Coun. Josh Carey delivers Corner Brook’s 2018 budget during Monday night’s council meeting at city hall.
Coun. Josh Carey delivers Corner Brook’s 2018 budget during Monday night’s council meeting at city hall. - Chris Quigley

The City of Corner Brook will begin the process of phasing out the controversial poll tax, it was announced as the 2018 Corner Brook municipal budget was presented and approved unanimously by council at Monday night’s public meeting at city hall.

The tax is an annual fee of $200 on all people 18 years or older who live in the city but don’t own property, that came with a few exceptions, such as those who earned less than $11,474 the previous year.

Though the tax wasn’t eliminated or reduced in this budget, the “phasing out” process will begin with the raising of the exemption limit to $22,500, almost double the former amount.

In his budget speech, delivered on behalf of council, Coun. Josh Carey referred to the poll tax as a “regressive tax” that has already been eliminated in most jurisdictions and noted it was particularly harsh on young and low-income workers.

“That said, this tax contributes a great deal of revenue to our bottom line and it would be irresponsible to eliminate it in one fell swoop,” he said.
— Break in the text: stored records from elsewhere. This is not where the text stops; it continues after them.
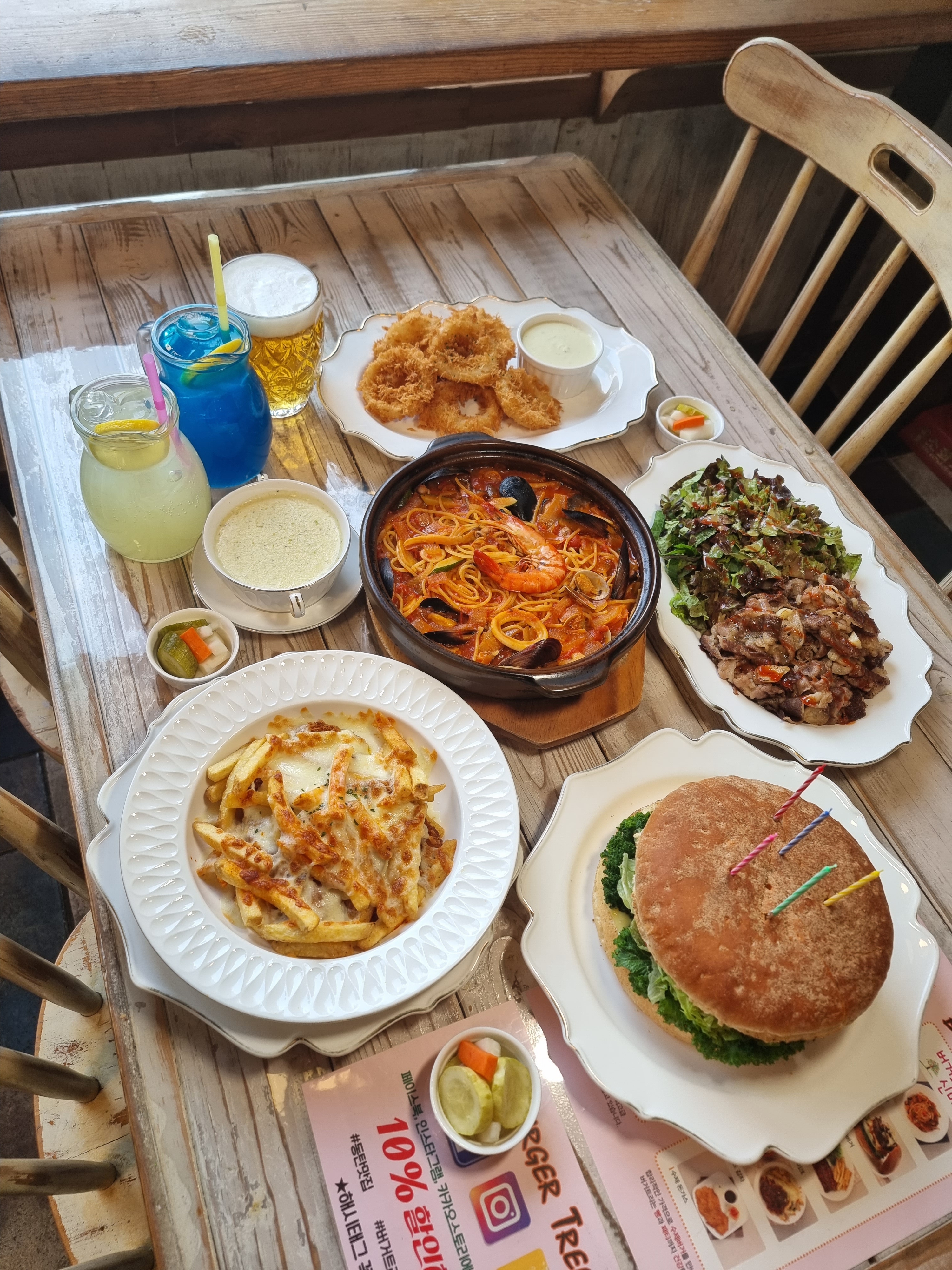 응깅이일 끝나고 동탄맛집 왔네요ㅋ 작년9월에 오고 오랜만에 온거라 더 맛있는 버거트리ㅋ 뚝배기해물스파게트 하와이언햄버거ㅋ 어니언링 뭐하나 빼놓지 않고 맛있음ㅋ 배불리 먹고 갑니다ㅋ
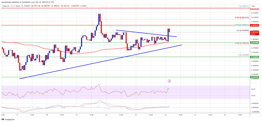 Dogecoin price is now trading above the $0.3750 level and the 100-hourly simple moving average. Immediate resistance on the upside is near the $0.3950 level or the 61.8% Fib retracement level of the downward move from the $0.4208 swing high to the $0.3652 low.
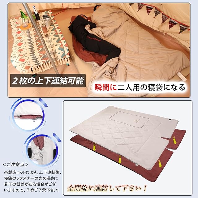 【連結可能】同じ寝袋同士をファスナーで連結すれば、広々とした二人用寝袋に。家族やパートナーとの使用にぴったりです。
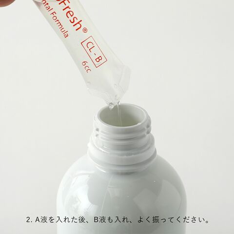 2. 同様に、1.にB液も入れ、よく振ってください。
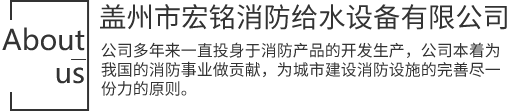 蓋州市宏銘消防給水設備有限公司坐落于風景秀麗、氣候宜人、交通便利的遼寧省蓋州市境內(nèi),這里交通網(wǎng)絡四通八達,哈大鐵路、哈大公路、沈大高速公路近在咫尺,營口港、鲅魚圈港與公司相鄰。
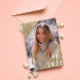 This luxury and glam photo Graduation invitation is perfect for the chic and elegant graduate. It features faux printed pretty gold sparkle glitter corners that frame a picture of the guest of honour with custom brushstroke typography and, on the back, a gold border that encapsulates the text on top of a simple girly dark purple background. This is a perfect fit for a modern, classy, and glitzy event. Change the colour of the font and background by clicking the "customise" button.
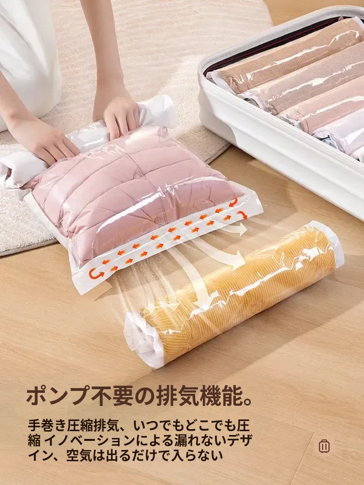 旅行用真空圧縮袋|衣類・ダウンジャケット専用|手巻きで簡単収納|スーツケースにぴったり|スペースを節約し、旅行をもっと快適に!
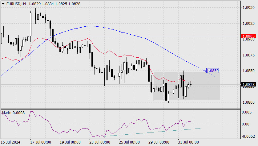 Ve 4hodinovém grafu se konvergence ceny s oscilátorem ukázala být účinná. Marlin již roste v kladném teritoriu a cena se pokouší vyšplhat nad linii rovnováhy. Nad linií rovnováhy se nachází rezistence linie MACD na úrovni 1,0850, která se shoduje se včerejším vrcholem. Efekt konvergence se zde může rozptýlit. V důsledku toho se bude cena pravděpodobně až do zítřejšího večera pohybovat do strany (šedý obdélník).
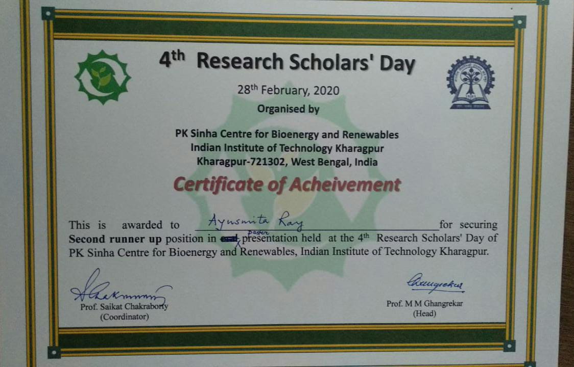 I started my research work on the development of the biomethanation process in 1980. I successfully conducted the Pilot Plant studies on the biomethanation process at IIT Delhi; M/s. Daurula Sugar Works Ltd, Daurula, UP; M/s. Citurgia Biochemicals Ltd., Surat. Biohydrogen research work was initiated in 1999. We have made commendable contributions towards development of a commercially competitive and environmentally benign bioprocess began with the isolation and characterization of high-yielding hydrogen producing bacterial strain Enterobacter cloacae IIT-BT 08, which, as of today, is known to be the highest producer of hydrogen by fermentation. Also established that Fe-H2se from E. cloacae is cytoplasmic, monomeric, metalloenzyme with molecular weight of 51 kDa. This group worked on the development of a novel two-stage fermentation process (dark-fermentation followed by photofermentation) with a view towards amelioration of hydrogen productivity. They are also involved in Pilot Plant studies for the commercial exploitation of the process using cane molasses, rice mill wastes, distilery effluent, sewage sludge, etc. The aim was to synchronize the bioremediation of wastewater with clean energy generation. They have two Indian Patents , more than 165 publication in the peer reviewed journals and 38 book chapters. I received Akira Mitsui award of International Association of Hydrogen Energy at WHEC 2008 at Brisbane, Australia. This was followed by Malaviya Memmorial award 3013 of Biological Research Society of India at Jawaharlal Nehru University, New Delhi. Recently, our research group developed biohythane process for the maximization of gaseous energy recovery from the organic wastes. 10,000 L Biohydrogen Pilot Plant was designed, fabricated and commissioned at IIT Kharagpur. Technology License agreement of the process has already transferred to M/s. Dhampur Sugar Mills Ltd., Dhampur, UP, India. We successfully demonstrated the paper based microbial fuel cell which may be explored for the development of biosensors. Air lift photobioreactor was found suitable for the sequestration of CO2 as compared to others like flat plate panel reactor, bubble column reactor etc. I have several sponsored research projects from International (National Science Foundation, USA; Norwegian Foreign Ministry, Norway; Danish Research Council, Denmark, DAAD, Germany) and National (Ministry of New and Renewable Energy Sources; Department of Science and Technology; Department of Biotechnology; Defence and Research Development Organization) funding agencies.

He said raising the exemption limit will reduce the poll tax roll by at least 20-25 per cent. Council will also continue the program of a 15 per cent discount for seniors who are eligible and qualify and continue the payment plan initiative for qualifying seniors.

In addition to the poll tax news, Carey also announced there will be no changes to the 2018 property or business tax rates or associated fees.

All in all, the budget came in balanced with operating revenues and expenditures totaling $35,059,600. That’s an increase of $412,300 (1.19 per cent) over the 2017 budget.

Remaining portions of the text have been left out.